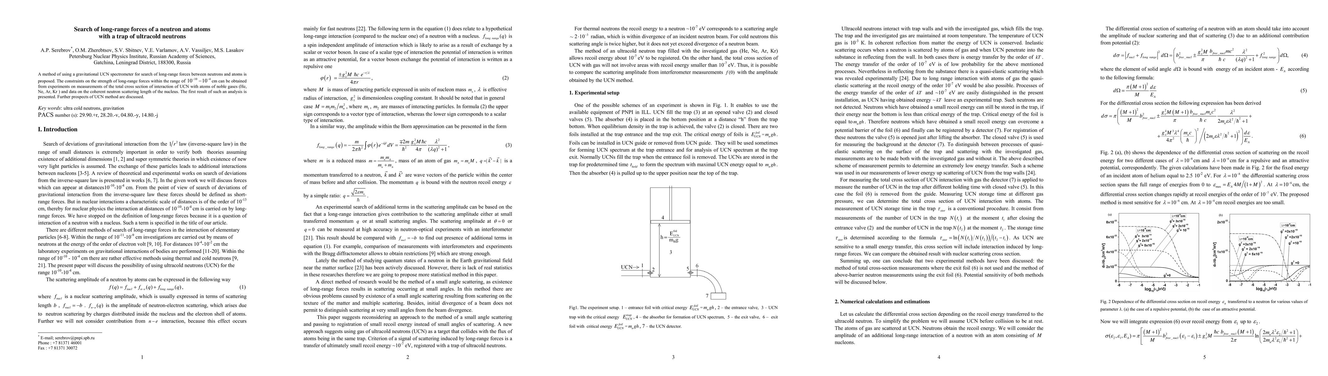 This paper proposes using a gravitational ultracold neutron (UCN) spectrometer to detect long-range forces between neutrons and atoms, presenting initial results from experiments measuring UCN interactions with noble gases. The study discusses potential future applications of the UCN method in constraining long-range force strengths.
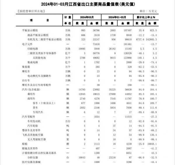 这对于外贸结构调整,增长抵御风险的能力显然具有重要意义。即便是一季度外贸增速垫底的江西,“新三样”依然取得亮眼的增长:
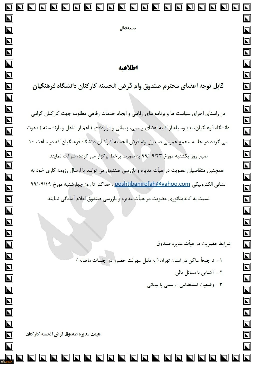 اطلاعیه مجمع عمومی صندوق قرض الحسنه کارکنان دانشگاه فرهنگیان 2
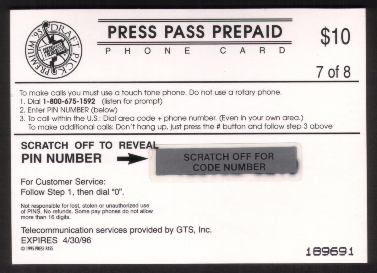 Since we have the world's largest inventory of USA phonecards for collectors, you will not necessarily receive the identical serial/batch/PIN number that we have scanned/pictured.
____
DIRECTIONS
Line by line, return the listing above exactly, dropping every picture.

WRITTEN RESPONSE
 This paper proposes using a gravitational ultracold neutron (UCN) spectrometer to detect long-range forces between neutrons and atoms, presenting initial results from experiments measuring UCN interactions with noble gases. The study discusses potential future applications of the UCN method in constraining long-range force strengths.
 这对于外贸结构调整,增长抵御风险的能力显然具有重要意义。即便是一季度外贸增速垫底的江西,“新三样”依然取得亮眼的增长:
 اطلاعیه مجمع عمومی صندوق قرض الحسنه کارکنان دانشگاه فرهنگیان 2
 Since we have the world's largest inventory of USA phonecards for collectors, you will not necessarily receive the identical serial/batch/PIN number that we have scanned/pictured.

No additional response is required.